Clustering

Clustering involves finding related groups in the data and assigning every point in the dataset to one of the groups.

To validate that the model used is good, a verification needs to be done by a person labelling the dataset, and seeing the percentage matched.

# concat actual & predicted clusters together
y = pd.DataFrame(y.values, columns=['actual'])
cluster = pd.DataFrame(kmeans.labels_, columns=['cluster'])
df = pd.concat([y,cluster], axis=1)

# view absolute numbers
res = df.groupby('actual')['cluster'].value_counts()
print(res)

# view percentages
res2 = df.groupby('actual')['cluster'].value_counts(normalize=True)*100
print(res2)

K-Means

Key Hyperparameter	Desc
n_clusters	no. of clusters

Specify number of clusters (3)
3 random data points are randomly selected as cluster centers
Each data point is assigned to the cluster center it is cloest to
Cluster centers are updated to the mean of the assigned points
Steps 3-4 are repeated, till cluster centers remain unchanged

Introduction to Machine Learning with Python (book)

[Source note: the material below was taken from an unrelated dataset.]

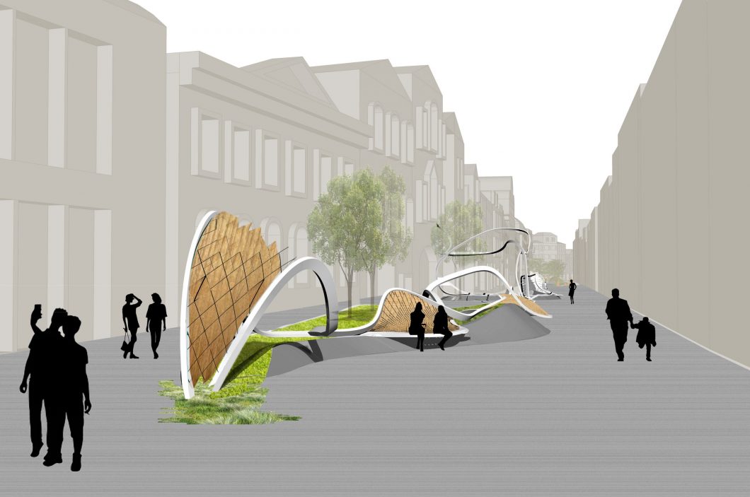Dans ses courbes et ses plis s’inséreront des bancs et assises, des brumisateurs pour les périodes de fortes chaleurs, des spots lumineux et des haut-parleurs. « On y compte beaucoup d’éléments différents qui sont autant de propositions pour de nouveaux usages de l’espace public. Les promeneurs y trouveront des espaces de pause mais aussi d’autres plus animés. Cela crée un rythme qui accompagne la marche. » Ils pourront s’y reposer, s’y rafraîchir ou encore écouter la légende du Graoully dans une « alcôve sonore ». « Ce projet n’a pas seulement pour objectif de redynamiser la vie commerçante. Nous voulons que les riverains et passants s’en emparent comme d’un support d’activité, s’y promènent comme dans un jardin urbain. »

It is important to scale the features before applying K-means, unless the fields are not meant to be scaled, like distances. Categorical data is not appropriate as clustering calculated using euclidean distance (means). For long distances over an lat/long coordinates, they need to be projected to a flat surface.

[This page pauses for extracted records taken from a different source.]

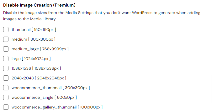 The option that follows allows you to select predetermined image sizes you do not wish WordPress to create.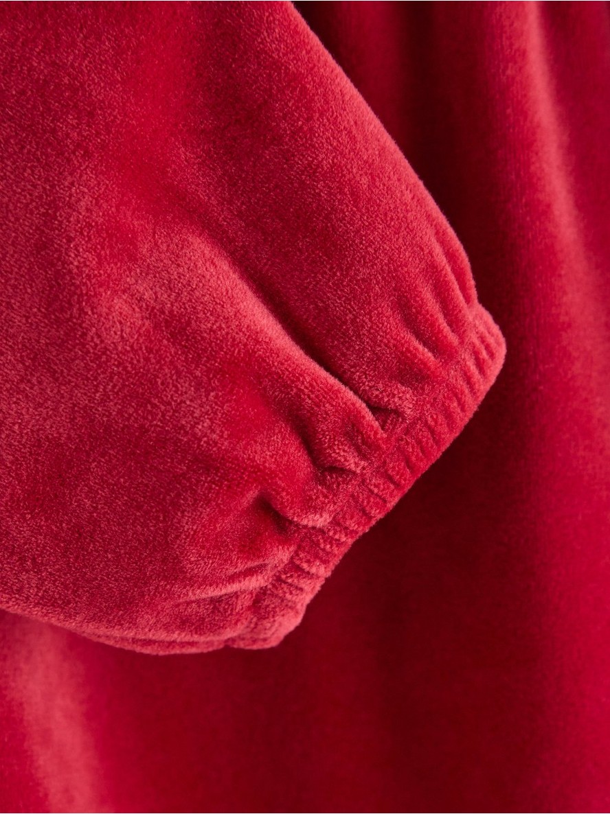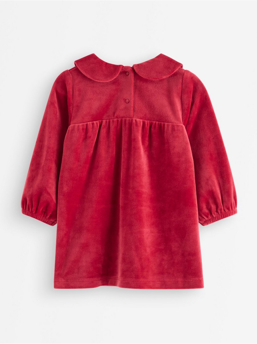 Mekana i udobna haljina od velura sa kragnom i dugim rukavima.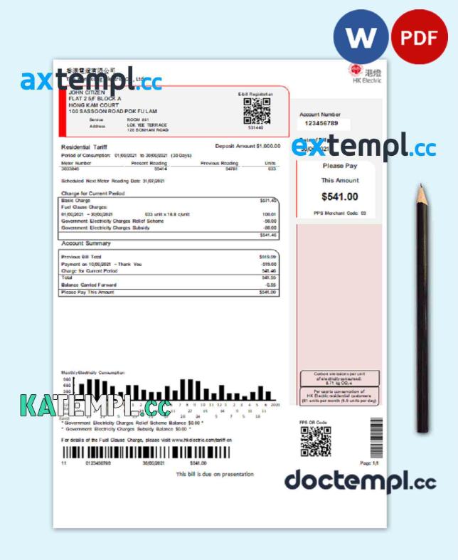 sample Hong Kong Hongkong Electric Company utility bill template in Word and PDF format download

One aspect of k means is that different random starting points for the cluster centers often result in very different clustering solutions. So typically, the k-means algorithm is run in scikit-learn with ten different random initializations and the solution occurring the most number of times is chosen.

Limitations

Very sensitive to outliers. They have to be removed before fitting the model
For simple globular shapes, not irregular complex clusters
Might need to reduce dimensions if very high no. of features or the distance separation might not be obvious

Two variants, K-medians & K-Medoids are less sensitive to outliers and work with categorical features.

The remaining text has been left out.